Smells are such a constant that we tend to miss them and underplay their importance. At least until a special one hits us, and we are suddenly overcome with an indescribable feeling that many of us might compare to romantic rapture, or even confuse with true love. Stroll around certain residential sections of Los Angeles on a summer's evening, for example, and you are likely to catch a whiff of the jasmine flower. Jasmine is a common enough scent, but smelling it on an evening breeze is one of the most intoxicating experiences we know and has been known to drive some pretty strong emotions. Indeed, it's this kind of power that drives the never-ending appeal of both retail and wholesale perfume and colognes. Sold at both the most absurd high prices imaginable or via special deals at discount stores or as closeouts, perfumes are one of the constants of the commercial world, because almost nothing is more powerful than scent.
Perfumes, colognes and essential oils of various sorts have been with us for thousands of years, certainly going back as far as biblical times. Both the Old and New Testaments contain numerous references to perfumes and scents, from the lusty refrains of "Song of Solomon" to the myrrh with which one of the three wise men gifted the infant Jesus. Incense, an early form of perfume, has been burned as part of Christian, Hindu, Taoist and Buddhist rituals for centuries.
And so it went, on into notoriously filthy medieval Europe where bathing was rare and covering-up unpleasant odors drove a big part of the trade in exotic spices and flowers.
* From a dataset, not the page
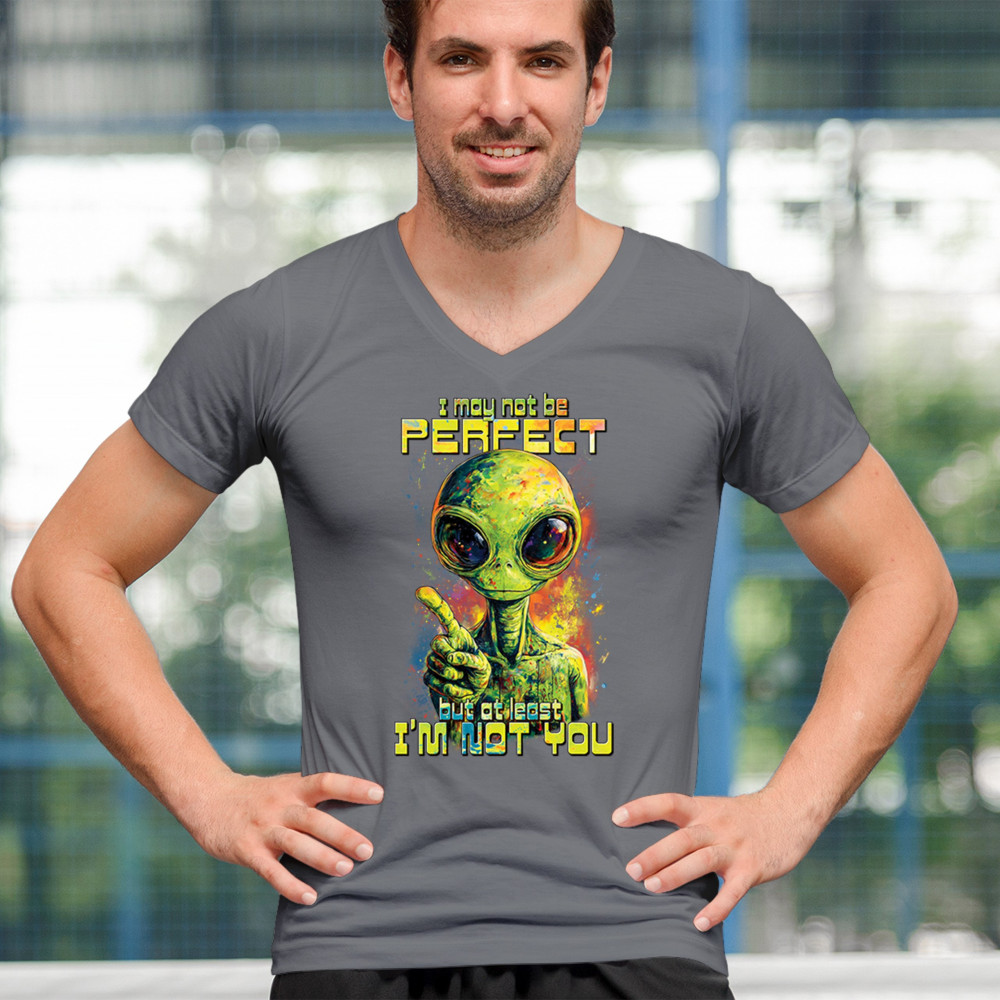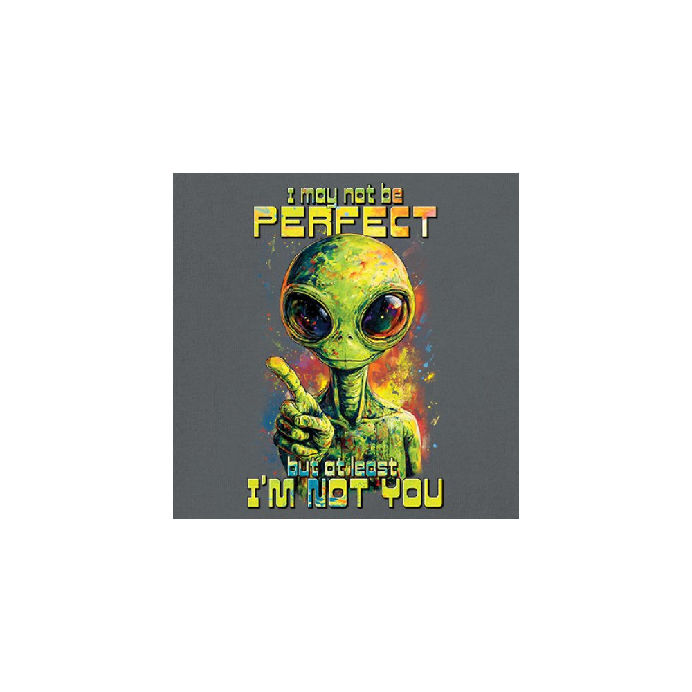 This smug alien design delivers sharp sarcastic humor with vibrant cosmic flair. Featuring a big-eyed extraterrestrial and the quote “I may not be perfect, but at least I’m not you,†it’s perfect for sci-fi fans, alien lovers, jokesters, and oddballs alike. A bold, funny statement for parties, UFO events, and festivals.

As cleanliness slowly became more common, however, it was realized that certain aromas were good not only for covering up unpleasant odors but for maximizing humans' attractiveness to each other.
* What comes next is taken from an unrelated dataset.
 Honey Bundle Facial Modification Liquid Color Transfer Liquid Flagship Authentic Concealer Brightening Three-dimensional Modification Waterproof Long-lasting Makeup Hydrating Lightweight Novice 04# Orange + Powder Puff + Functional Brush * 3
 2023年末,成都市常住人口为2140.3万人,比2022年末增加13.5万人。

Obviously, not all scents are created equal and some are more associated with attraction than others. Why is jasmine, say, sexier than the smell of your standard daisy? We don't know, but another common ingredient of perfumes and colognes are animal derived products. In his classic work of pop-anthropology, The Naked Ape, Desmond Morris noted the phenomenon of contemporary women and men using every hygienic trick at their disposal to remove all of their natural scents, for fear of smelling bad, only to then add perfumes that include similar scents derived from various mammals. Why go through all this seemingly unnecessary work? Morris stated that we humans benefit from arousal, but only within limits. Too much sexually-related olfactory stimulation would be too distracting and would threaten the social order. However, just a little bit of that scent seems to be perfect for greasing the social wheels of contemporary society, where controlled flirtation never hurt anyone.
Still, for all its power and popularity, perfumery only became truly big business at the turn of the 20th century. It was both the scent-building acumen and marketing genius of self-made millionaire Francois Coty that propelled him from complete obscurity to one of the richest and most controversial men in France. A rough analogue of America's William Randolph Hearst, his extremist political leanings eventually got him into hot water near the time of his death in 1934, but his legacy in the world of scent remains strong. Coty, Inc. is currently the world's largest perfume manufacturers with a long list of celebrity-based scents named for everyone from Jennifer Lopez to Calvin Klein.
Perfume is so much a part of modern life that it's everywhere. You can find it at beyond astronomical prices, literally thousands of dollars an ounce, or for just a dollar or two for wholesale perfume and colognes sold as inexpensive cheap closeouts. At any price, we're pretty sure that as long as people exist, so will perfume. Why? Because to have more people, we need romance, and love and our sense of smell will never be separated. It's chemistry.